→ WHAT NEEDS TO BE DONE: Look through the listing below for the line containing "VOLTA LIVE 2.1200". Copy it and each line after it up to and including the line containing "SAXX Swim Trunks", exactly, leaving out pictures.

→ PROVIDED MATERIAL:
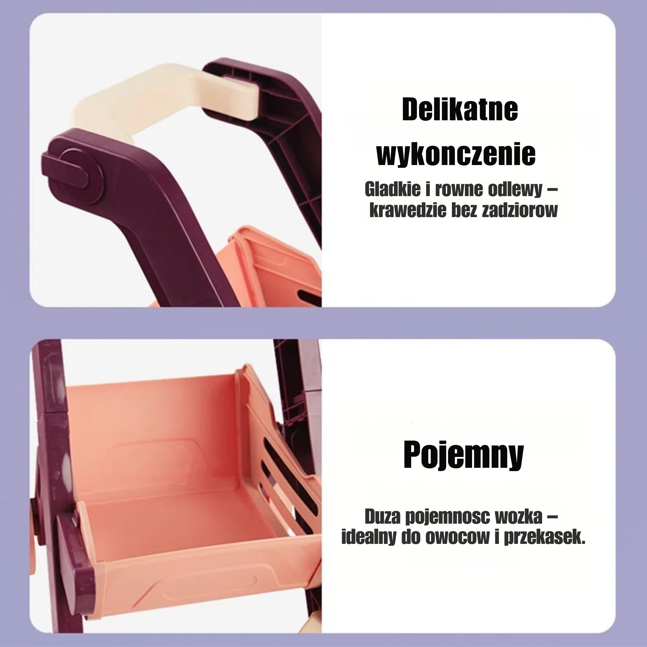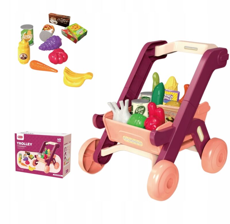 ✅ Bogaty zestaw – aż 43 elementów: wózek, owoce, warzywa, puszki, napoje i inne akcesoria
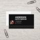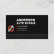 A professional business card in industrial aesthetic style with orange accent for auto repair activities featuring a wrench & gear icon, tire tread pattern.
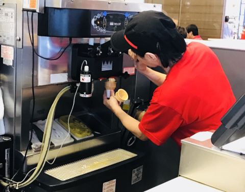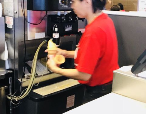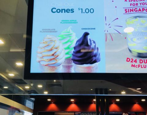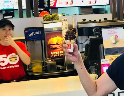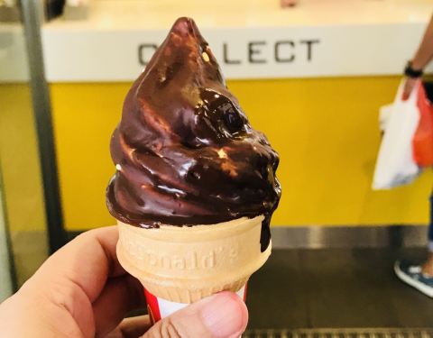 玉蜀黍巧克力冰淇淋是新加坡麦当劳的最新口味冰淇淋。在这之前的香蕉口味冰淇淋很好吃,我现在还很怀念。 小麦的新口味冰淇淋是限量供应,而且不是每家小麦都卖的。午餐时间,我和同事赶快买来尝尝。
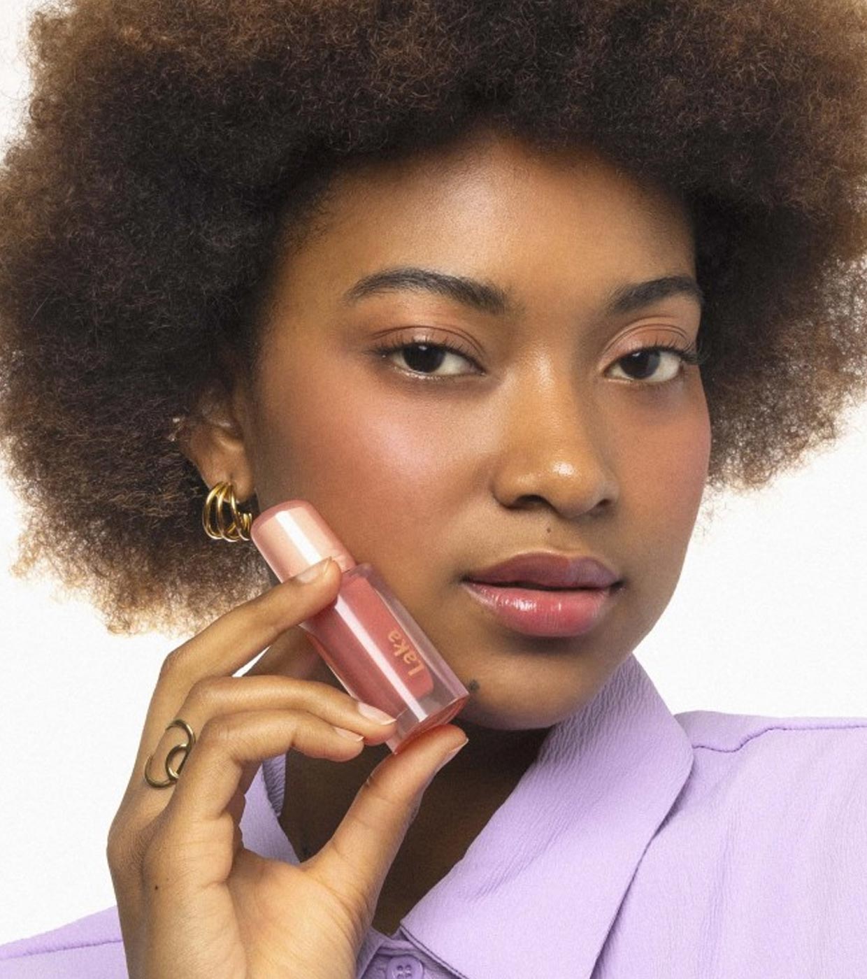 Jelling Nude Gloss de Laka aporta color, hidratación y brillo en una textura suave y cremosa súper cómoda de llevar.
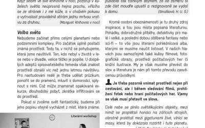 Kromě osobní obeznámenosti je tu druhý zdroj inspirace, a tou jsou místa popsaná literaturou. Pohádky, dobrodružné příběhy, detektivky pro malé i velké, a poslední dobou oblíbená fantasy nebo sci-fi – to vše jsou literární pohlednicová alba, kterými se musíme naučit listovat. V našich hlavách jsou samozřejmě také kulisy filmové, fotografické obrazy, prostředí počítačových her či knižní ilustrace. My je však musíme převést do slov a literatura je nám při tomto převodu zasvěcenou průvodkyní.
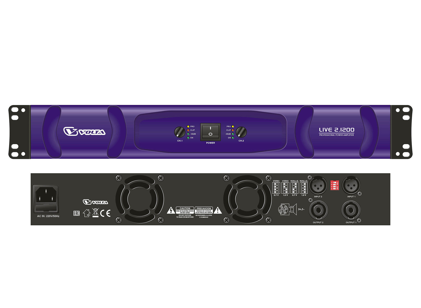 VOLTA LIVE 2.1200 - это профессиональный двухканальный усилитель мощности класса D, который подходит для создания на его базе системы озвучивания коммерческих помещений: рестораны и кафе, магазины, бутики и другие виды торговых площадей, офисные пространства и т.д., и т.п.; к тому же, благодаря малому весу и компактным габаритам, усилители серии LIVE часто применяют в мобильных звуковых комплектах.
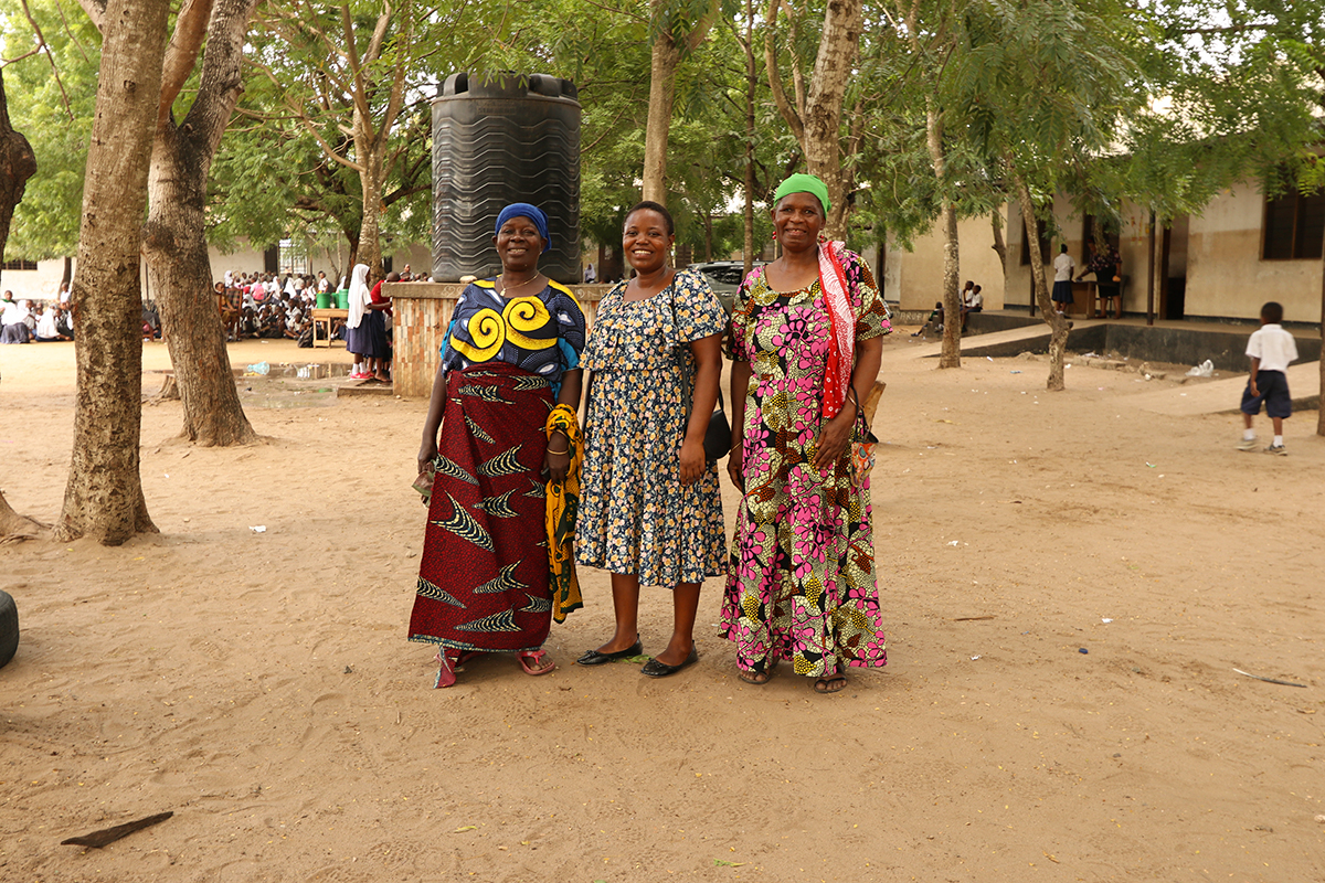 Pendo (pictured center) stands with two other Unbound mother leaders, Asia (left) and Semehi (right), in front of the water tank they installed at their children’s school with an Agents of Change grant. The initiative improved water access and sanitation for over 1,500 students at the school.
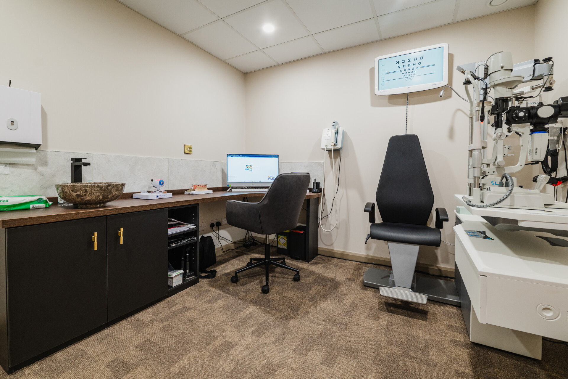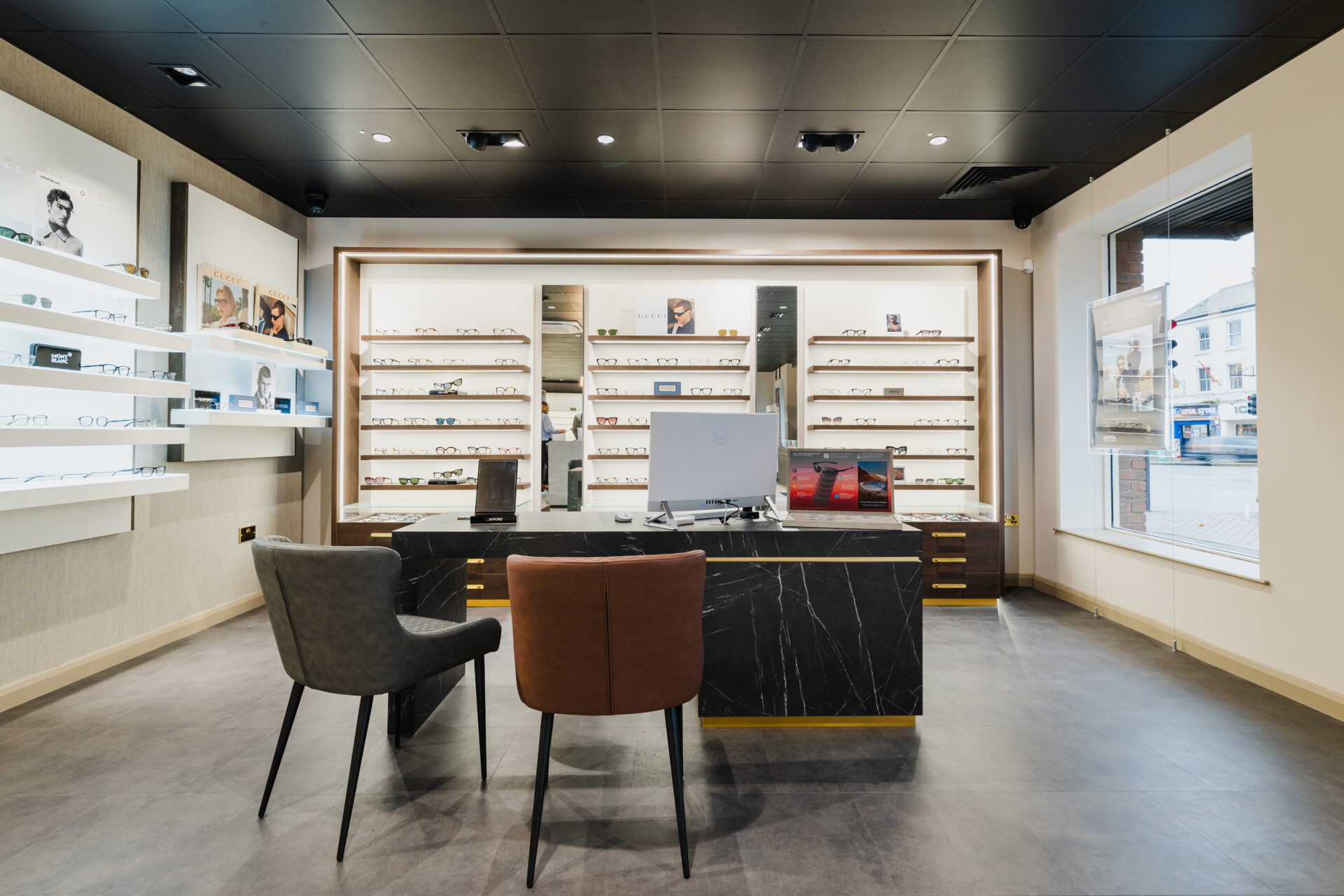 The result is a cohesive, sophisticated scheme that transforms the space into something truly remarkable. This is more than just an opticians; the space also houses audiology and podiatry clinics, creating a multifunctional environment where clients can meet all their healthcare needs in one place.
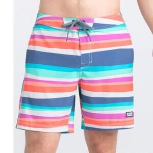 SAXX Swim Trunks Board Shorts Betawave Multicolor Striped Quick Dry Size 34 NWT
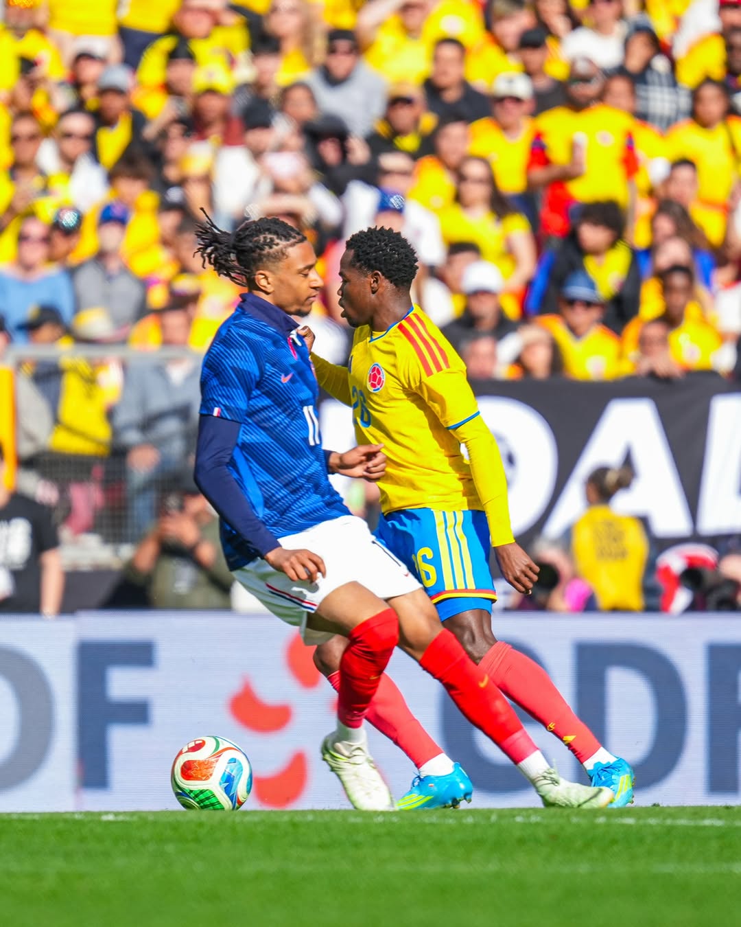 01:58 - Veja foto de Andrés Gómez marcando Mbappé no amistoso entre Colômbia e França
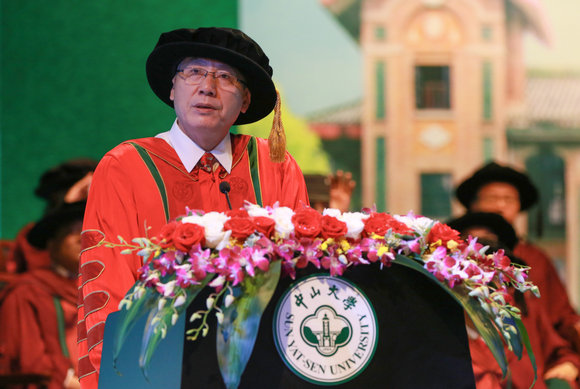 今年,我们有超过55%的本科生选择继续深造,“学在中大,追求卓越”的校风学风逐渐浓厚起来。我很高兴看到,被喻为“追风少年”的大气科学学院周明颢同学、立志投身祖国海洋工程事业的海洋科学学院林振镇同学、积极参加国家重大研究项目的岭南学院王瀚洋同学等,一批学子在学习过程中充分感受学术魅力、享受学术乐趣,并展现出勇于超越,争当一流的优秀品质。我也很高兴看到,获得全国年度人物的政治与公共事务管理学院卜熙同学、积极从事公益活动的国际翻译学院林莎莎同学、以及将赴西藏、云南支教的第19届研究生支教团17名毕业生,一批学子关心社会、乐于奉献、敢于担当,体现出中大学子浓浓的家国情怀。我校今年投身国家西部发展事业的毕业生有300余人,母校为此而骄傲,让我们一起为他们鼓掌!
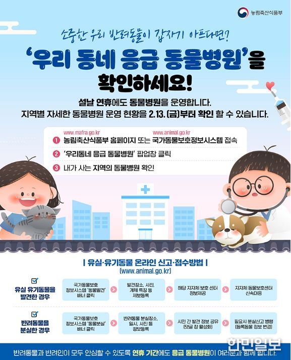 반려동물과 반려인이 모두 안심할 수 있도록 연휴 기간에도 응급 동물병원이 여러분과 함께 합니다.
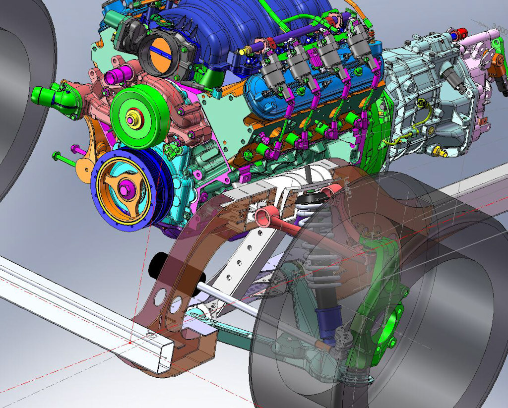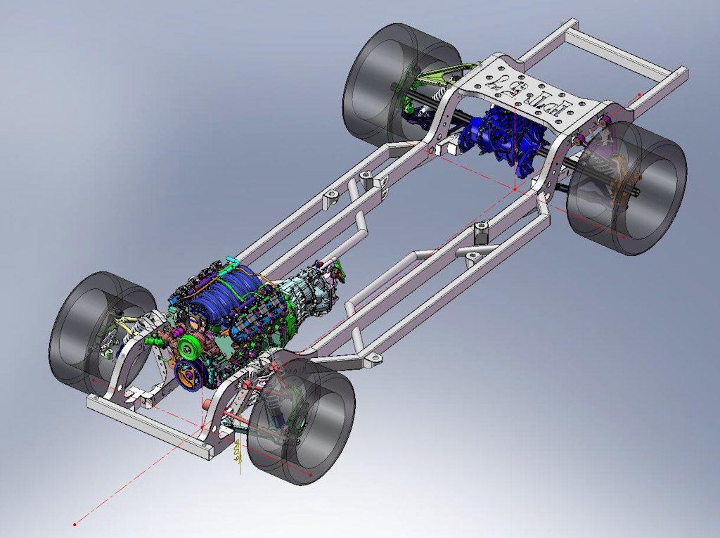 Quick update, frame quarters are almost done, the main section of the frame is knocked out on the computer, cut up waiting the quarters and the transmission is a little hung up due to some national back orders with T56 parts. Take a look at the photos, I’m going back to the work.
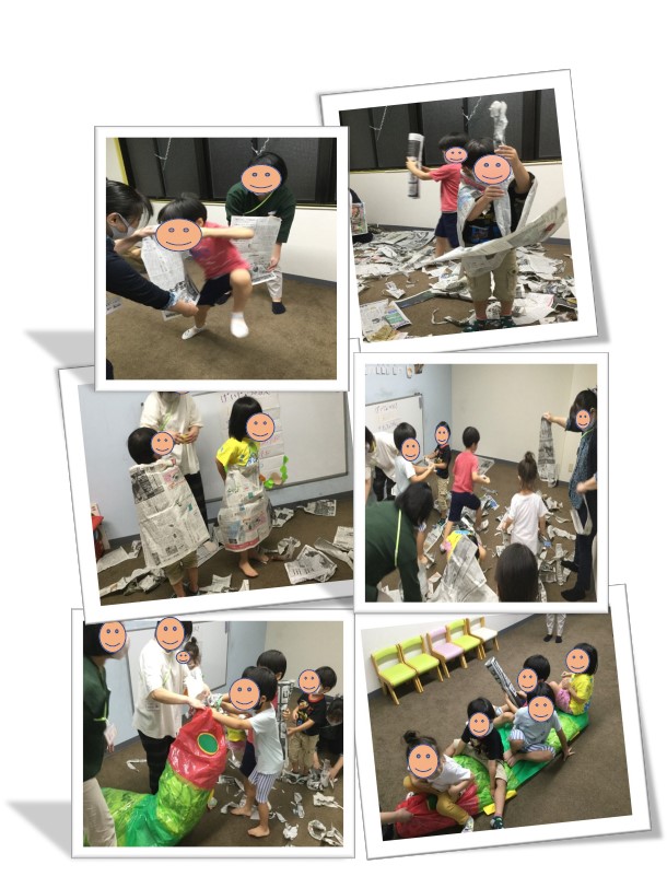 落ち葉のような新聞紙の中に隠れたり、新聞紙で傘を作ってトトロのようにお散歩をしたり、子どもたちの発想は無限大✨
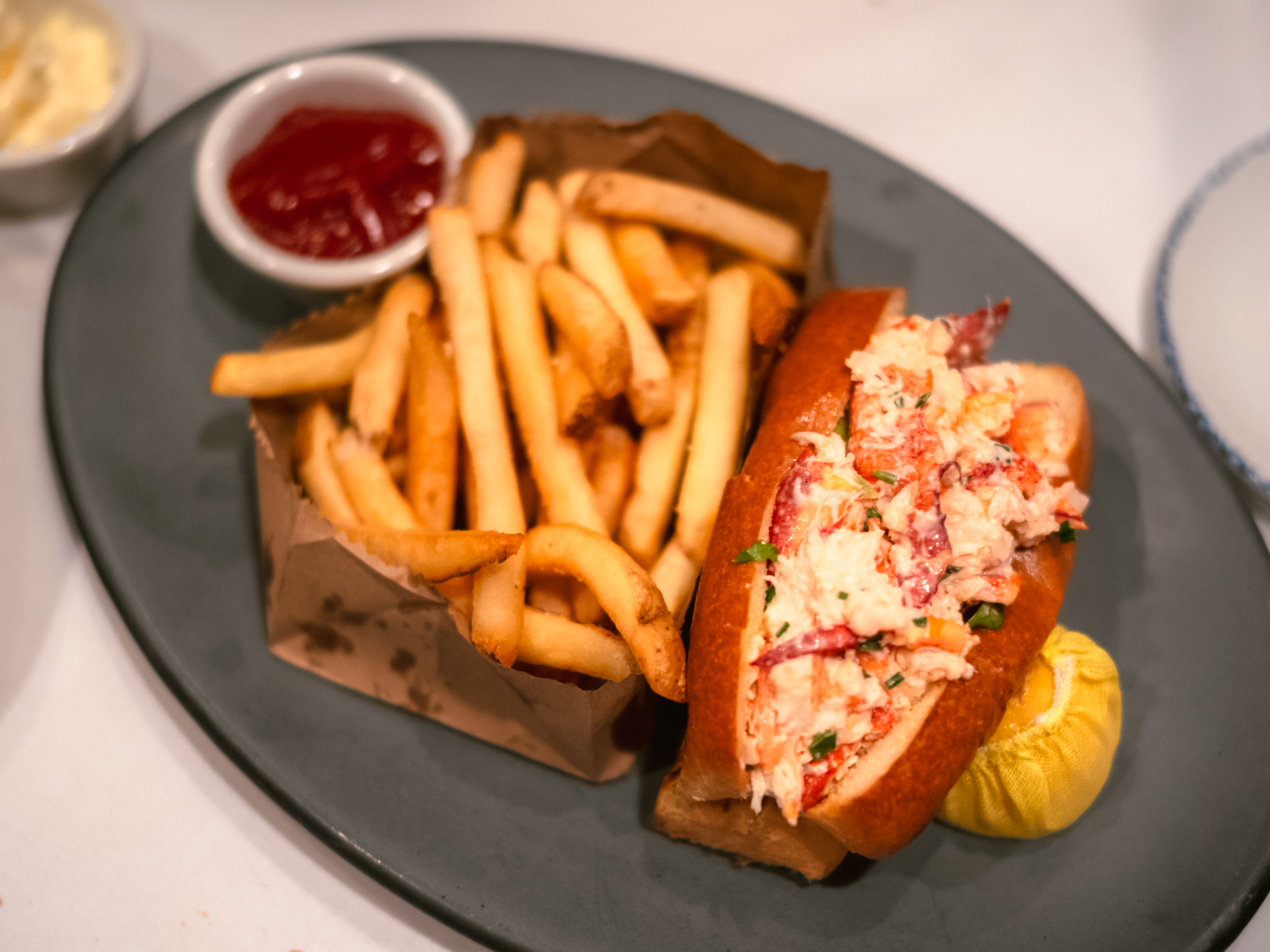혼자 먹었던 메인 랍스터 롤. 버터를 발라 겉바속촉으로 구운 브리오슈 번에 랍스터 살과 소스, 채소를 채워 넣은 메뉴입니다. 거기에 빵보다 양이 많은 감자 튀김이 함께 나옵니다. 왼쪽에 보이는 레몬을 랍스터 롤에 즙을 내 뿌리면 비린 내도 줄고 전체적인 향의 조화도 좋아집니다. 랍스터 요리에 관심이 없는 저도 뉴욕-보스턴 출장을 통틀어 기억에 남는 버거&샌드위치로 이집 랍스터 롤을 꼽을만큼 만족한 메뉴였어요. 특히 빵이 맛있더군요. 랍스터 롤을 먹으면서 빵맛부터 꼽는 저는 어쩔 수 없는 빵돌이입니다.

→ COMPLETED EXERCISE:
 VOLTA LIVE 2.1200 - это профессиональный двухканальный усилитель мощности класса D, который подходит для создания на его базе системы озвучивания коммерческих помещений: рестораны и кафе, магазины, бутики и другие виды торговых площадей, офисные пространства и т.д., и т.п.; к тому же, благодаря малому весу и компактным габаритам, усилители серии LIVE часто применяют в мобильных звуковых комплектах.
 Pendo (pictured center) stands with two other Unbound mother leaders, Asia (left) and Semehi (right), in front of the water tank they installed at their children’s school with an Agents of Change grant. The initiative improved water access and sanitation for over 1,500 students at the school.
 The result is a cohesive, sophisticated scheme that transforms the space into something truly remarkable. This is more than just an opticians; the space also houses audiology and podiatry clinics, creating a multifunctional environment where clients can meet all their healthcare needs in one place.
 SAXX Swim Trunks Board Shorts Betawave Multicolor Striped Quick Dry Size 34 NWT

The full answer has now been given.